● **Your task**
Exactly as they appear below, repeat the lines from the one with "거창군 청소년방과후아카데미(거창흥사단 운영)는" through the one with "與此同時,據 Lookonchain 監測,過去". Drop every picture.

-*-*-

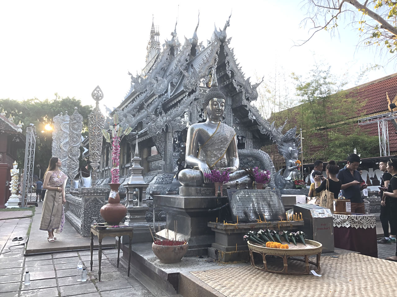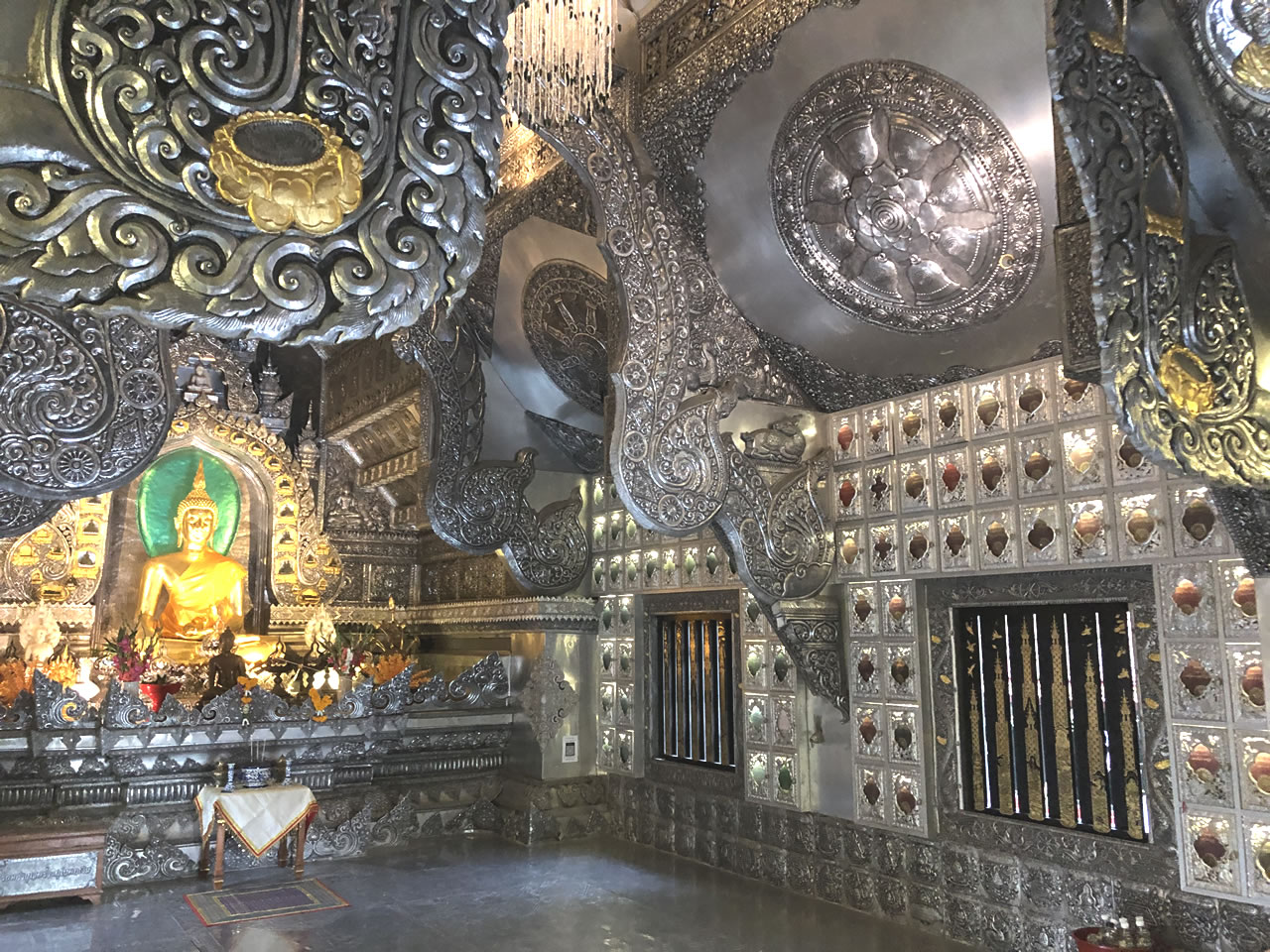 そしてお堂の中へ。これでもか、という銀細工に囲まれるが、仏像はさすがタイ、やっぱり金色なのね。ちなみにお堂は女人禁制との事でした。
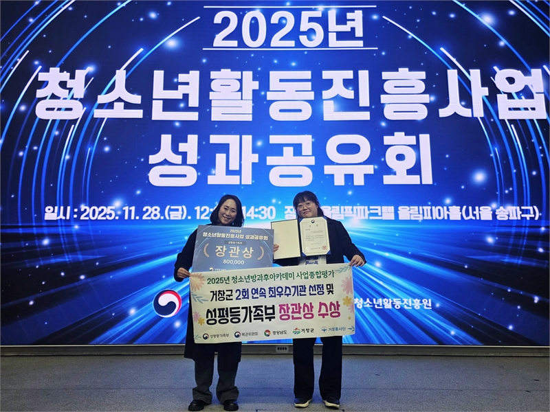 거창군 청소년방과후아카데미(거창흥사단 운영)는 지난 11월 28일에 서울올림픽파크텔에서 열린 ‘2025년 청소년방과후아카데미 사업 종합평가’에서 최우수기관으로 선정돼 성평등가족부 장관상을 수상했다고 밝혔다.청소년방과후아카데미 사업 종합평가는 사업의 질적 성장을 도모하기 위해 전국 농산어촌형, 장애형, 다문화형 등 총 1
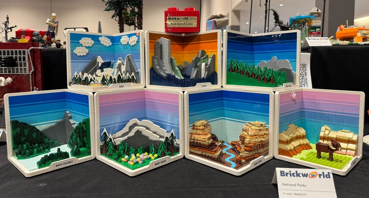 Национальные парки в кубиках от RebelLUG! 🏞️ Участники сообщества создали потрясающую коллекцию диорам национальных парков США и Канады в формате 16x16. Вдохновением послужили стилизованные значки парков и техника градиентов из набора «Рассказы космической эры». Каждый куб — это личное воспоминание строителя о посещении парка. Коллаборация уже получила награду «Лучшее использование цвета» на BrickWorld Chicago 2025! Источник: BrickNerd
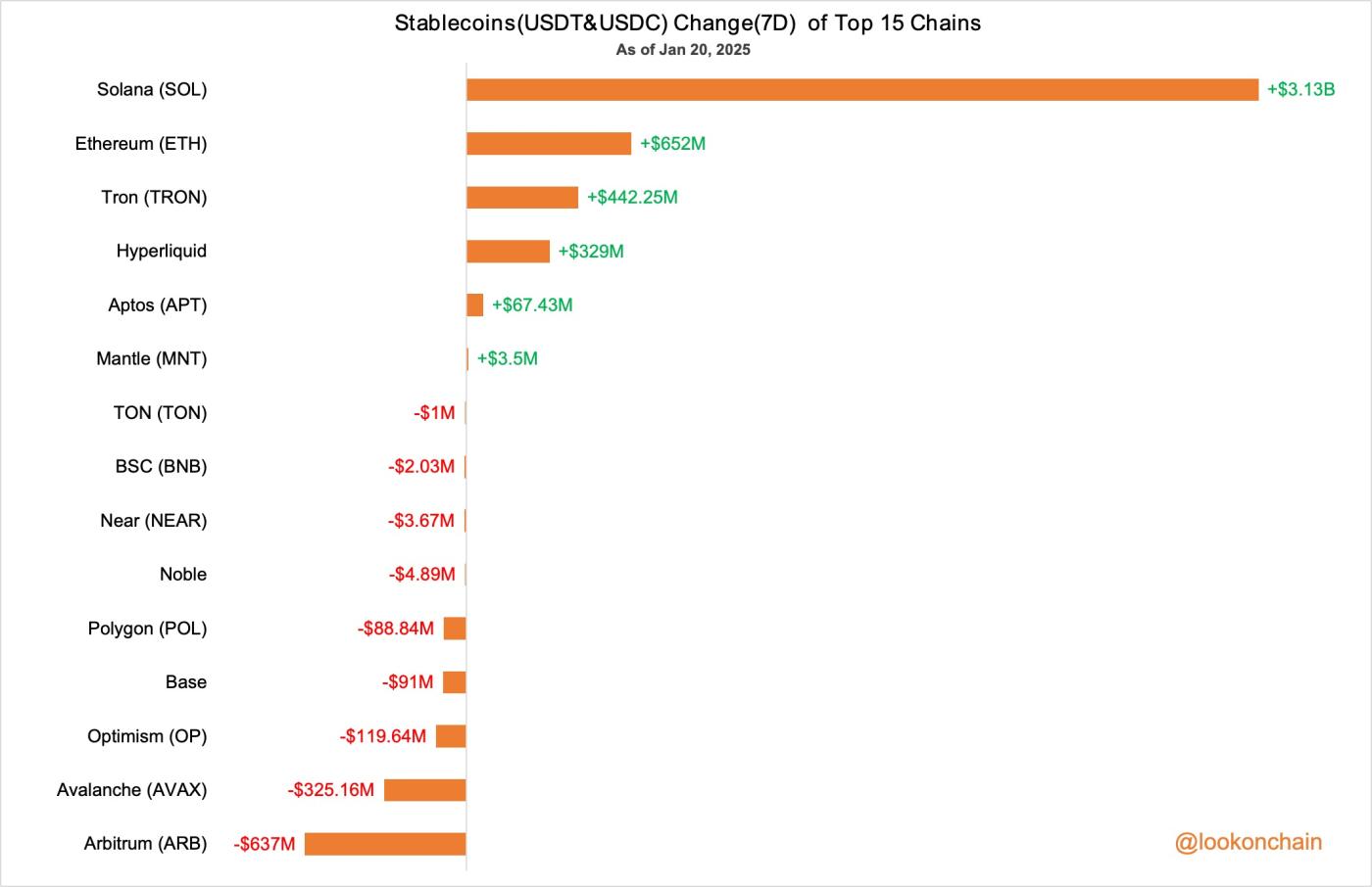 與此同時,據 Lookonchain 監測,過去 7 天內,Solana 上的穩定幣(USDT 和 USDC)的總額增加了 31.3 億美元,顯示出市場對 Solana 生態的持續看好。
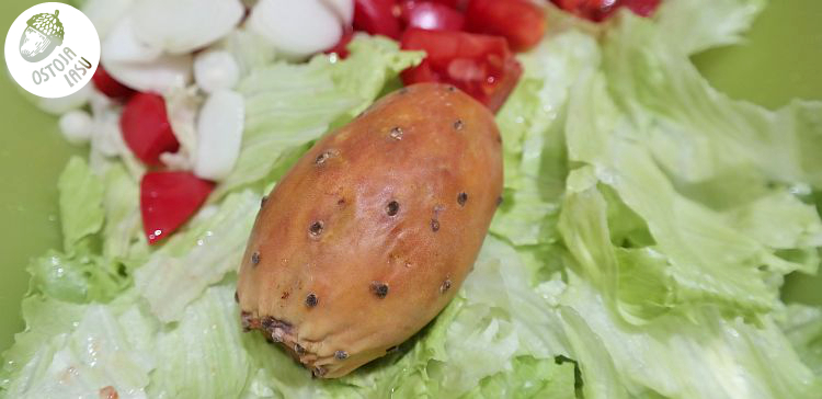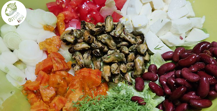 Przygotowanie:Warzywa i owoce dokładnie myjemy. Uważajcie na opuncję, bo bestia jest kolczysta. Należy ją obrać ze skórki, uważając właśnie na te kolce, by nam nie wpadły do sałatki. To będzie najcięższa robota przy tej sałatce. Resztę kroimy wg uznania. Fasolę zawsze odcedzam z zalewy i przelewam wrzątkiem. Jako, że małże są zazwyczaj w oleju, to ten olej zużywam do sałatki. Już więcej przypraw poza świeżym koperkiem nie potrzebuję. Dobrze wymieszać i można jeść od razu, albo dać jej chwilę na "przegryzienie się".
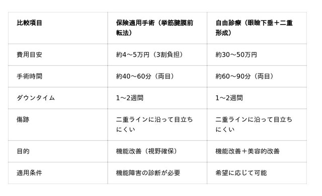 眼瞼下垂の手術方法比較(保険適用 vs 自由診療)
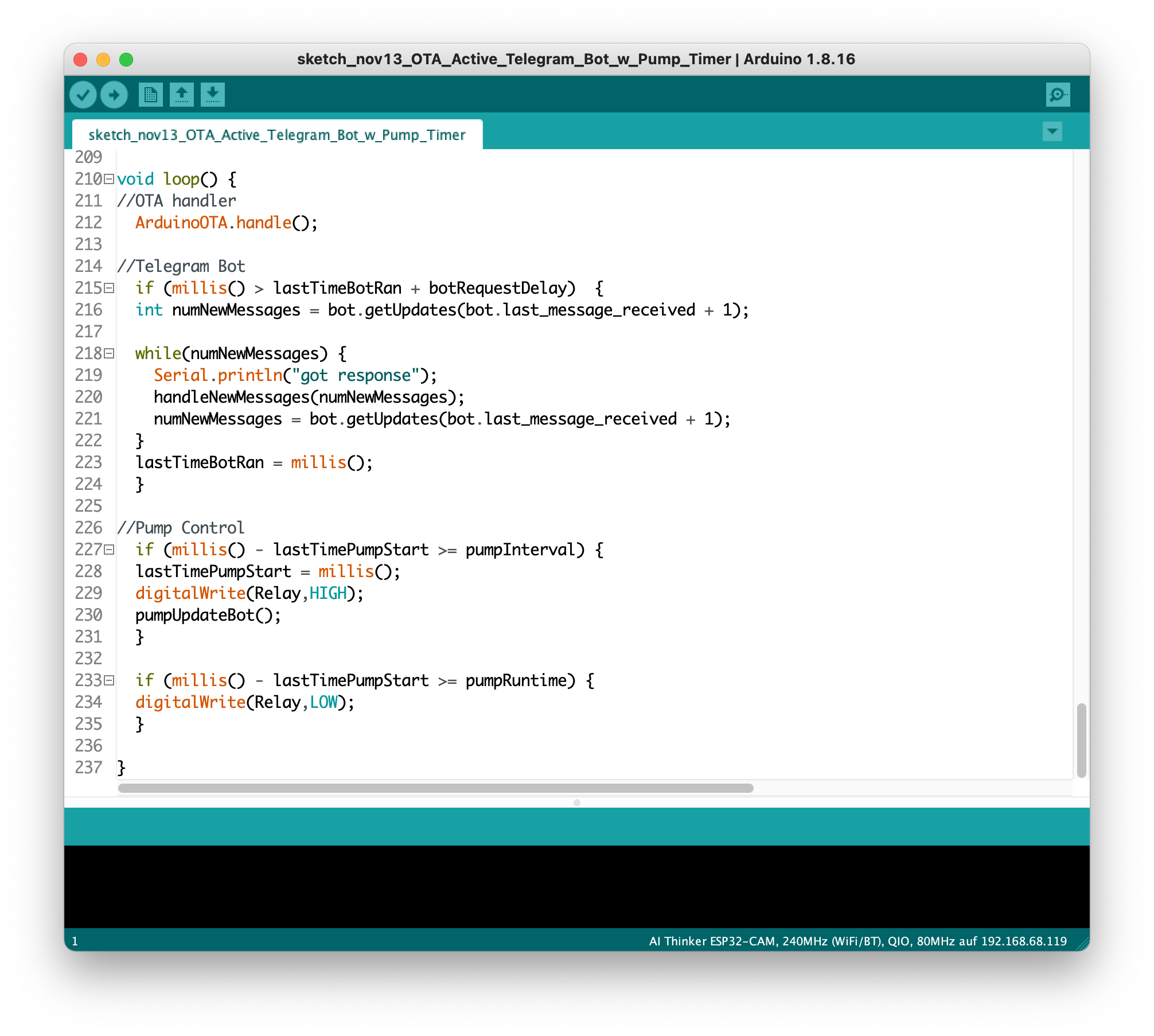 The code itself is a product of many individual small experiments I did over the past eight months. It features a Telegram Bot integration for communicating (both actively and reactively) system status, over-the-air update capabilities and (cooperative) multitasking when executing its functions. The code is made public on Github to work towards a true open-source project.

-*-*-

● **Solution for this exercise**
 거창군 청소년방과후아카데미(거창흥사단 운영)는 지난 11월 28일에 서울올림픽파크텔에서 열린 ‘2025년 청소년방과후아카데미 사업 종합평가’에서 최우수기관으로 선정돼 성평등가족부 장관상을 수상했다고 밝혔다.청소년방과후아카데미 사업 종합평가는 사업의 질적 성장을 도모하기 위해 전국 농산어촌형, 장애형, 다문화형 등 총 1
 Национальные парки в кубиках от RebelLUG! 🏞️ Участники сообщества создали потрясающую коллекцию диорам национальных парков США и Канады в формате 16x16. Вдохновением послужили стилизованные значки парков и техника градиентов из набора «Рассказы космической эры». Каждый куб — это личное воспоминание строителя о посещении парка. Коллаборация уже получила награду «Лучшее использование цвета» на BrickWorld Chicago 2025! Источник: BrickNerd
 與此同時,據 Lookonchain 監測,過去 7 天內,Solana 上的穩定幣(USDT 和 USDC)的總額增加了 31.3 億美元,顯示出市場對 Solana 生態的持續看好。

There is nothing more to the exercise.